Wooden you know it: It’s Cricket Circa 1985
0Watching the cricket test going on in Perth right now highlights just how much of a power game top-level cricket has become since thirty-four long years ago. And not just in the boardroom.
To take in the highlights of the swarthy, lithe grace of Richard Hadlee and the magisterial batmanship of Martin Crowe via our only test cricket series win on Australian soil, in 1985, is also to notice the differences in test cricket to nowadays- via the compound of… wood.
In the old Channel 9 coverage, reprised by our SKY TV, the movements around the field of that time came across as decidedly unsupple and inflexible. To apply wood to the argument, the gait of the players back then looked more pinewood-based than plywood. Allied to this were bats resembling sticks of balsa wood in comparison with the types of oak-like, thick, bludgeoning clubs of the T20 era transplanted into today’s test arena.
Regarding flexibility, yoga is well-known by pretty much all to be an important component of the training diet of top sportspeople. If you’ve actually ever tried it, it definitely helps to be quite supple already, which is exactly why I haven’t. However it’s an extremely useful activity for loosening up areas that fast bowlers use, like around the neck and shoulder area.
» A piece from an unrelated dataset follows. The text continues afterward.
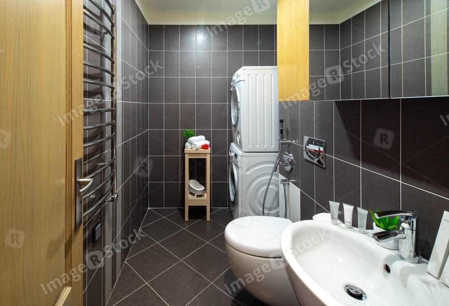 Sink, toilet, washing machine. Modern interior of bathroom.

Could you have imagined Lance Cairns and Ewen Chatfield engaged in Yoga? The closest they may ever have got to that was listening to George Harrison records. So if the players’ movements back in 1985 seemed a little rigor mortis-like compared to the athletic running of this era, there had to be reasons for it aside from more training, better diets and the continuing evolution of physiology.
On the bats used back then, I have one that has been used in front-yard cricket for exactly thirty years. It’s around a 2 pound 6 ounce Symonds brand bat bought in George St in Sydney. And it’s probably about the same weight as a good few of those that were used in that ‘85 series. The ball didn’t look as though it were being hammered then, and the players instigated their shots off the pace of the ball and the pitch more frequently. The bats weren’t large enough to thrash the ball almost out of shape like they are now.
It’s a sure bet that the huge clubs that batsmen like David Warner wield now would have been outlawed back in 1985. And that would have been right and just, especially if you happened to be a bowler.
In fact, I’d be an advocate for anything at all that redressed the balance of power back the bowler’s way a little more- and not necessarily just in the test arena either.